— DATA —
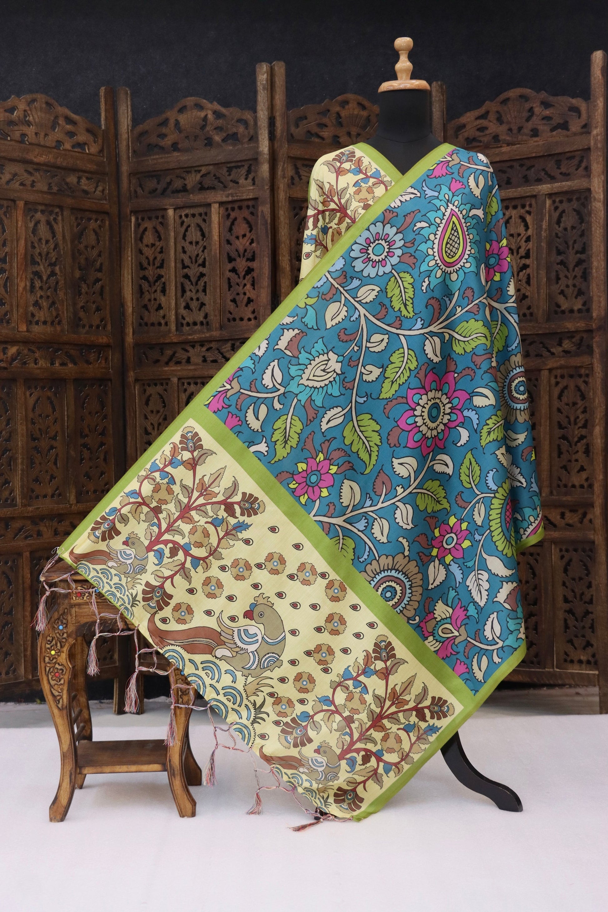 Teal Blue Malai Silk Dupatta with Floral Vine & Bird Motif Border – Handcrafted Folk Art Elegance
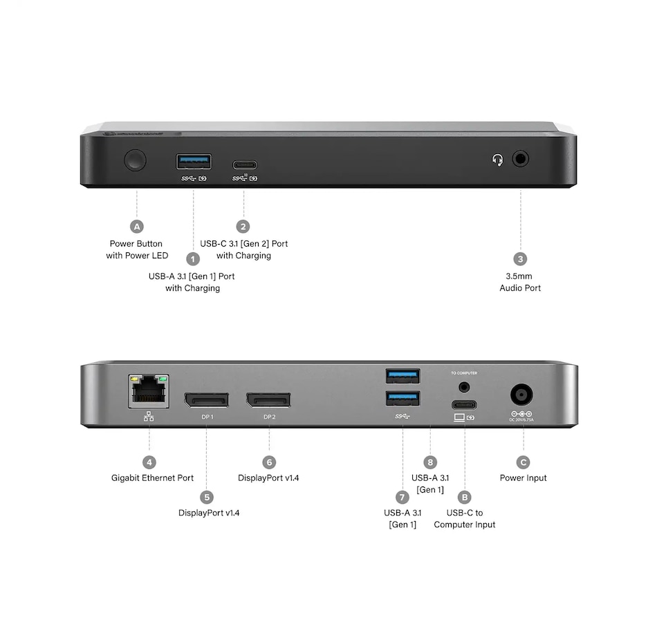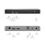 • Ports: (1) USB-C upstream (for host connection, supports 65W PD); (2) DisplayPort 1.2 (4K 60 Hz); (1) HDMI 2.0 (4K 60 Hz); (3) USB-A 3.1 Gen 1 (5 Gbps); (1) USB-C 3.1 Gen 1 (5 Gbps, data only), (1) Gigabit Ethernet; (1) 3.5-mm audio combo jack (headphone/microphone); (1) SD card reader (UHS-I); (1) microSD card reader (UHS-I)
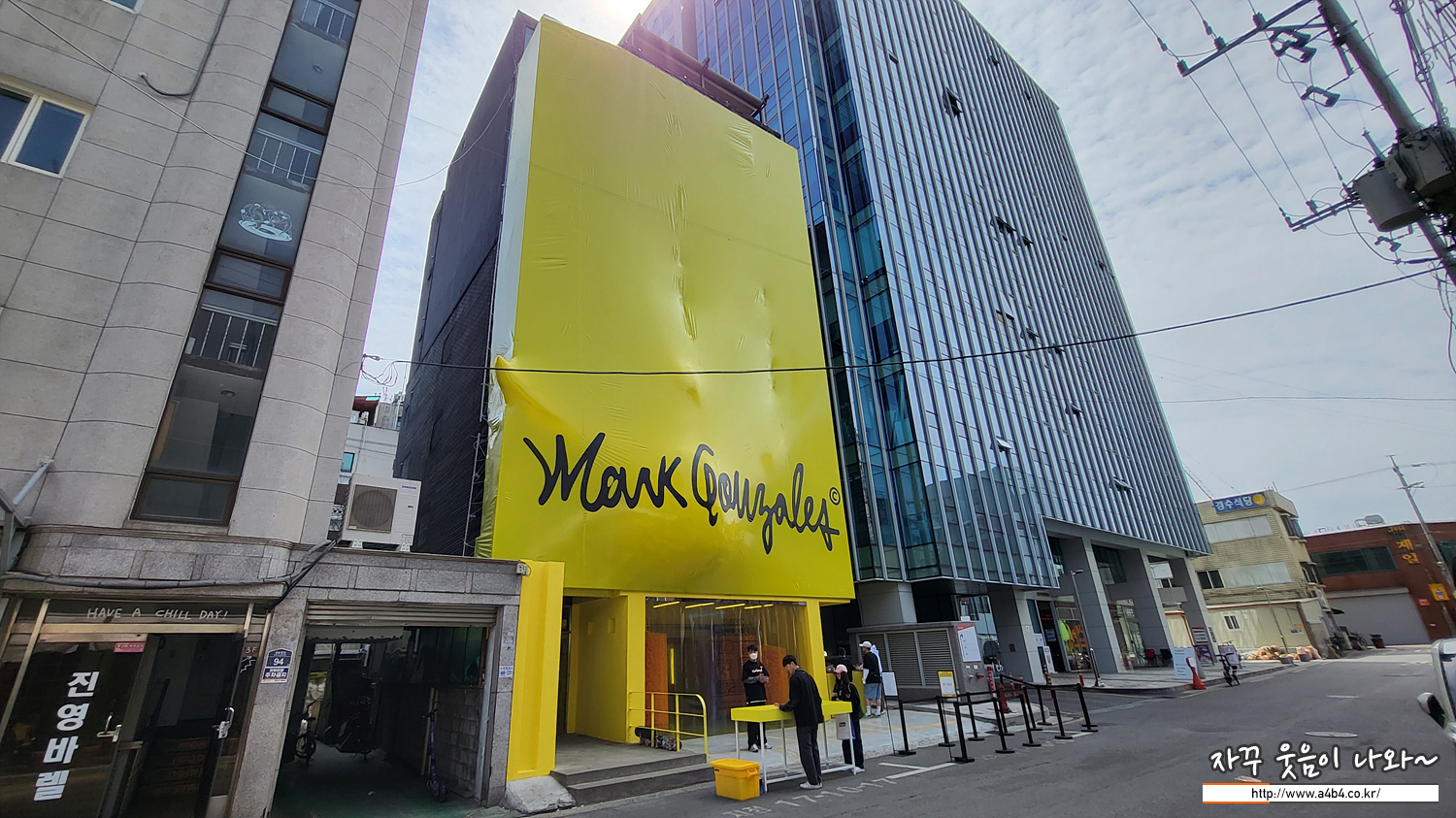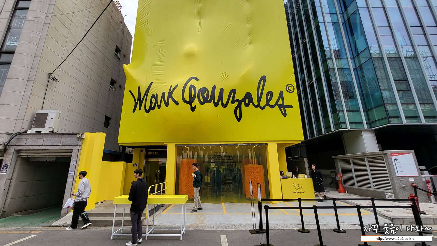 날아디니는 바나나, 마치 유딩이 그린 것 같은 노란색 웃은 바나나로 요즘 핫한 브랜드 중 하나인 마크 곤잘레스 팝업스토어 방문후기입니다. 특히 우리집 중딩이 너무나 좋아하는 브랜드로 집에도 이미 여러벌 옷이 있는데요. 이번에 핫플레이스 중 하나인 성수동에 팝업스토어가 오픈해서 바로 방문 했습니다.

— TO DO —
Give an exact copy of the listing, without its pictures.

— WRITTEN SOLUTION —
 Teal Blue Malai Silk Dupatta with Floral Vine & Bird Motif Border – Handcrafted Folk Art Elegance
 • Ports: (1) USB-C upstream (for host connection, supports 65W PD); (2) DisplayPort 1.2 (4K 60 Hz); (1) HDMI 2.0 (4K 60 Hz); (3) USB-A 3.1 Gen 1 (5 Gbps); (1) USB-C 3.1 Gen 1 (5 Gbps, data only), (1) Gigabit Ethernet; (1) 3.5-mm audio combo jack (headphone/microphone); (1) SD card reader (UHS-I); (1) microSD card reader (UHS-I)
 날아디니는 바나나, 마치 유딩이 그린 것 같은 노란색 웃은 바나나로 요즘 핫한 브랜드 중 하나인 마크 곤잘레스 팝업스토어 방문후기입니다. 특히 우리집 중딩이 너무나 좋아하는 브랜드로 집에도 이미 여러벌 옷이 있는데요. 이번에 핫플레이스 중 하나인 성수동에 팝업스토어가 오픈해서 바로 방문 했습니다.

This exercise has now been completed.